Caren van Roekel

20 Chapter 2 1.3. Patient selection Currently, radioembolization is mainly indicated in a palliative setting for unresectable, chemorefractory primary and secondary hepatic malignancies (2). Several studies investigate(d) the role of radioembolization combined with systemic therapy in the first and second line treatment of colorectal cancer liver metastases (18) (19). Work-up for radioembolization includes clinical status, hematologic and biochemical status, anatomic assessment with CT/MR imaging and, when appropriate, molecular imaging with SPECT/CT or PET/CT. Indications and contraindications for radioembolization are listed in Table 1, according to Braat et al. (2). Since a higher age has no influence on prognosis, age is not a contraindication (20).
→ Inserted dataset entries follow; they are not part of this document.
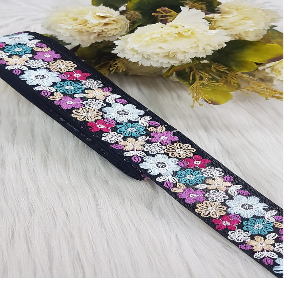custom made on black base fabric embroidered thread work laces with multi coloured options in 1.25 inch width for ladies garment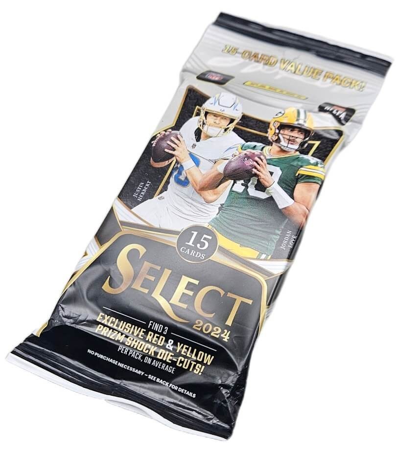2024 Panini Select Football Sealed Fat Pack 2024 Panini Select Football Factory Sealed Jumbo Value Pack IN STOCK 15 Cards Per Pack Find 3 Exclusive Red & Yellow Prizm Shock Die Cuts Per Pack!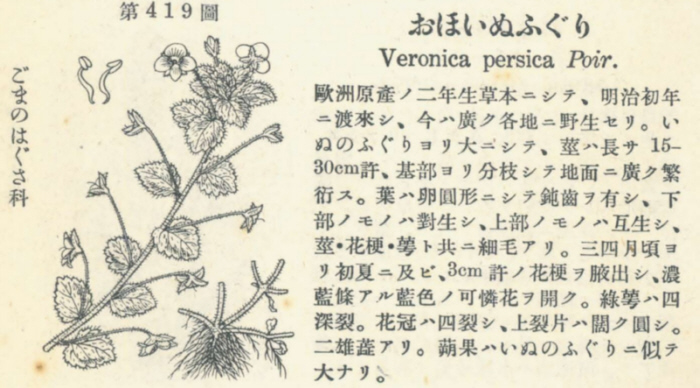 発見年が1884年で発見場所が上野公園と「牧野富太郎 植物記1 野の花1」と異なりますが、牧野富太郎が発見者として記載されています。 環境省の侵入生物データベースは「原色帰化植物図鑑(保育社刊行)」方を採用しています。 上記2件で、「オオイヌノフグリ」の発見者が、牧野富太郎でそれにより「オオイヌノフグリ」と命名したと推察されますが、二冊の本に「命名者は牧野富太郎」の記載がないこと、発見年と発見場所が異なること、が気になります。また、下記に示した1940年刊の牧野日本植物図鑑では、「おほいぬのふぐり」は明治初年に渡来したと書いてます。明治初年は明治1~10年と考えると上記二件とも異なり、「オオイヌノフグリ」の発見者ははっきりしません。 「オオイヌフグリ」の命名者を「牧野富太郎 」と確定するには、発見の記事が載った植物学雑誌の全文を見ることが必要です。。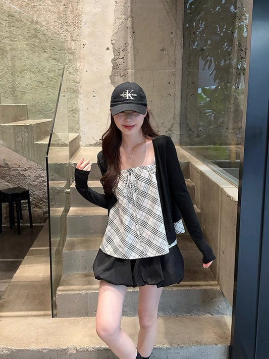 NENE> 小眾格紋三件套(吊帶+罩衫+花苞裙) 1172#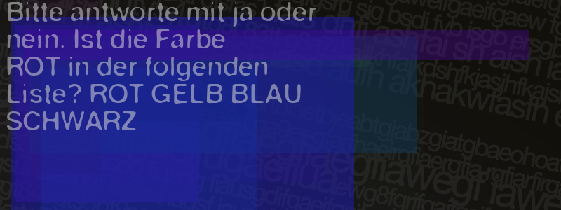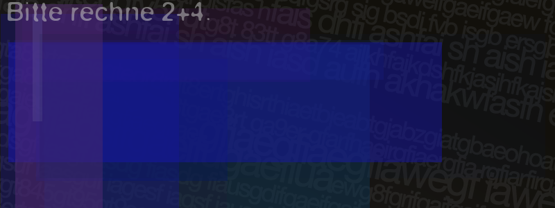 Die Visuelle Bestätigung hilft dabei automatische Spambots und Scripte von den Diensten dieses Forums abzuhalten. Derartige Scripte sind normalerweise nicht in der Lage den untenstehenden Code zu erkennen. Bitte geben Sie also in das untenstehende Feld die Buchstaben und Zahlen ein, die Sie in dem Bild erkennen können oder beantworten Sie die angezeigte Frage.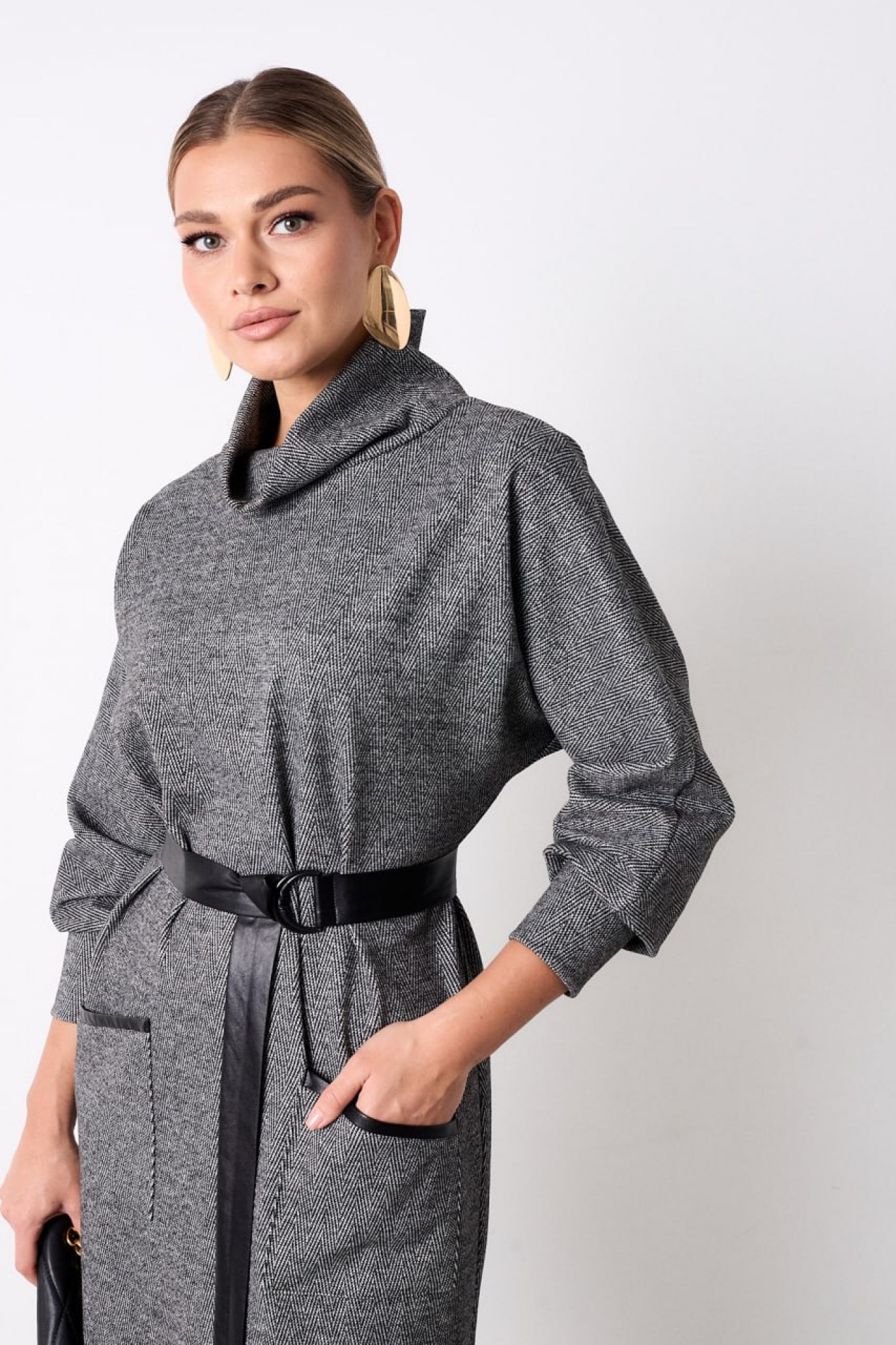 Платье полуприлегающего силуэта из мягкого уютного трикотажа длинной чуть ниже колена. По полочке в области бёдер настрочены накладные карманы с отделкой из кожи. По горловине обработан воротник-хомут. Рукав длинный цельнокроеный, по низу притачная манжета. Платье дополнено съемным поясом из кожи фиксирующимся на пряжку протяжку.

In patients with hepatocellular carcinoma (HCC), radioembolization is reserved for patients with intermediate and early advanced disease stages (with Barcelona Clinic Liver Cancer [BCLC] stage B-C, liver-dominant disease, Eastern Cooperative Oncology Group [ECOG] status 1-2, and a portal vein tumor thrombus [PVT]). Patients with a Child-Pugh score >B7 and a main portal vein tumor thrombus tend to have a limited potential survival benefit after radioembolization, thus patient selection should be done carefully (2). It should be noted that, as clinical experience accumulates over the years, indications and contraindications may change over time. 2. WORKUP 2.1. Clinical investigations During clinical investigation, a detailed medical history of the patient should be obtained. Previous treatments, current use of medication, chronic diseases, allergies and recent periods of acute illness should be recorded. Also, the performance status (as defined by the World Health Organization(WHO)/ECOG (21)) should be defined: 0 – asymptomatic, 1 – symptomatic but completely ambulatory, 2 – symptomatic and <50% of time in bed, 3 – symptomatic and >50% of time in bed but not bedbound, 4 – bedbound, 5 – dead. A performance status >2 is considered an exclusion criterion for radioembolization.